No caso das imagens em movimento, temos uma das principais materialidades, o olho da câmera. É por meio deste que é controlada cada imagem, cada ângulo a ser exposto, restringindo ou abrangendo o quê e a maneira como podemos visualizar cada imagem ao seu

tempo (antes das imagens serem transmitidas ao espectador final, elas também passam por recortes e várias edições.). A percepção dessa imagem em movimento é concebida pelo suporte câmera, e as sensações e percepções do olhar focam-se no que é permitido ver e sentir. Segundo Baecque (2011, p. 481), a organização cinematográfica é perceptível por meio da câmera: “Registrar, com o auxílio de uma câmera, corpos que se relacionam em um espaço, eis a definição dessa organização formal chamada cinema”. Portanto, é por meio da captação feita pela câmera que se organizam as etapas de cada cena fílmica, com a participação de atores para trabalhar em um enredo narrativo.

Com isso, pode-se compreender que o olhar e a imagem são instrumentos culturais e sociais/históricos que permitem ver/interpretar o simulacro do real de forma mais ampla e “racional”, sendo dependentes um do outro. Segundo Aumont (2002, p.73-74): “[...] a imagem é arbitrária, inventada, plenamente cultural, sua visão é quase imediata. [...] A parte do olho é a mesma para todos, e não pode ser subestimada”.

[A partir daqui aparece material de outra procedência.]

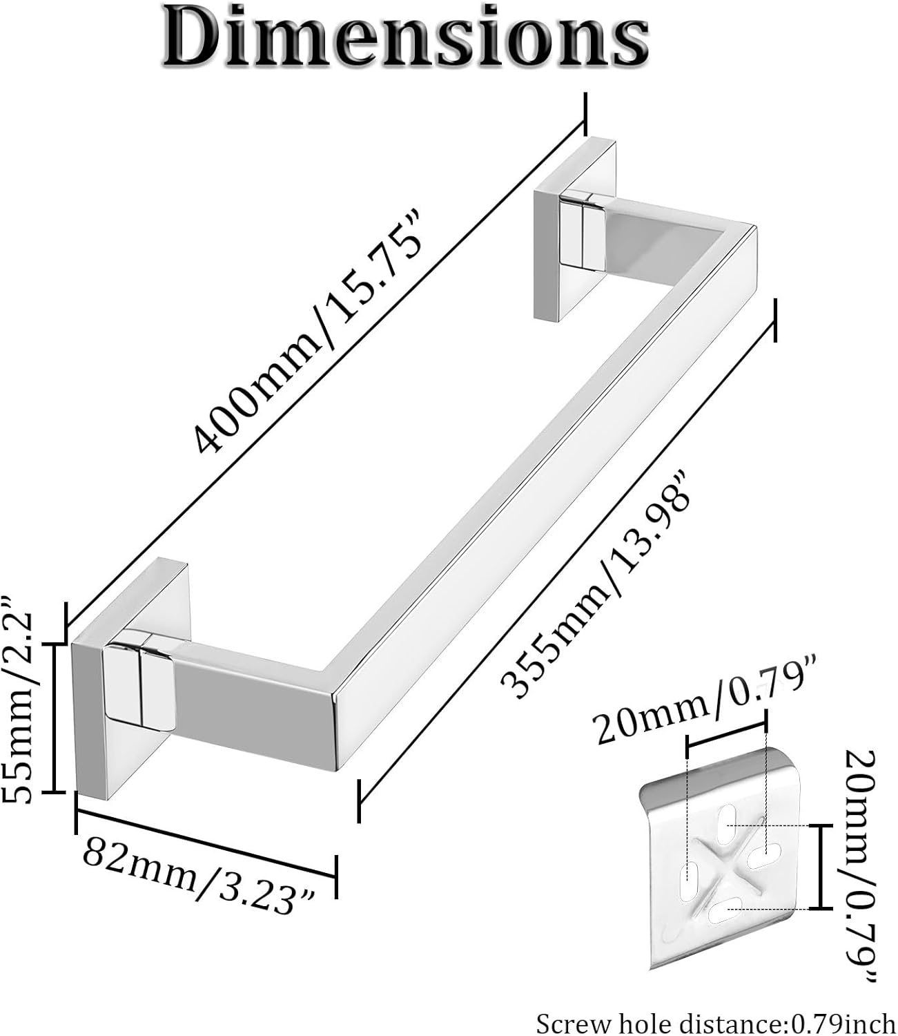 - 【Measure Before Buying】Dimensions 15.75''Lx2.2''Wx3.23''H, Useable Length 13.98 Inch towel hanger. 2.8 Inch Separation Distance from Wall - Enough space for quick drying, hanging towel quickly.No need to fold your towel any more.If you have any questions about the polished chrome towel bar, please feel free to contact me at any time

Em relação à imagem como prática discursiva, Courtine (2013, p. 75) afirma que há modos de olhar sobre o corpo historicamente, um deles foram os tratados fisiognomônicos – que interpretavam a anatomia corporal e lhe impingiam sentidos relacionados a seu caráter de acordo com o aspecto da superfície do corpo: “[...] as tipologias fisiognomônicas são olhar e discurso sobre o corpo, ao mesmo tempo memória do corpo, constituída da percepção hierarquizada de seus diferentes locais significantes”. Em outras palavras, os tratados fisiognomônicos constroem valores semânticos no corpo, trata-se de uma organização discursiva pelo modo de olhar o corpo, que determina usos e se inscreve por meio de práticas discursivas, produzindo, assim, percursos de olhares sobre o corpo, trazendo à tona discursos e costumes de uma sociedade.

Assim, a imagem cinematográfica também produz discursos, pois há nelas formas do que se deve ver, como por exemplo, o padrão de beleza - tendo como parâmetro a beleza norteamericana (com mulheres brancas, loiras e com corpos magros). A relação entre os valores morais dos bons costumes pode ser vista em filmes de heróis e vilões, em que estes merecem ser castigados por sempre praticarem o mal, e aqueles são sempre recompensados por sua bondade e seus bons feitos. Em Manzano (2014), a autora nos traz reflexões a respeito da organização do discurso televisivo, que podem ser consideradas também quando se observa o funcionamento da construção dos discursos no meio cinematográfico:

[...] existe uma organização da existência social dos discursos televisivos, ou seja, uma organização da formulação dos discursos e a construção de uma memória que obedece a uma técnica visual de produção, tornando inseparável o meio discursivo do discurso que circula sobre ele. (MANZANO, 2014, p. 84).

Em outras palavras, a organização da formulação dos discursos segue normas do que deve ou não ser dito/exposto a um determinado público. Sendo assim, a imagem e seus discursos ecoam efeitos de memória que podem ser vistos como parte de uma cultura e de suas práticas sociais. Tendo a materialidade fílmica como a extensão do corpo (enquanto discurso), será marcada discursivamente (com uma visão restrita por meio da câmera – o que apenas a câmera mostra) cada gesto corporal, mostrando, deste modo, o lugar que o sujeito ocupa na história em relação à imagem fílmica, pois será por meio da análise do filme Cinderella que perceberemos discursos e práticas sociais, que permeiam nossa sociedade contemporânea.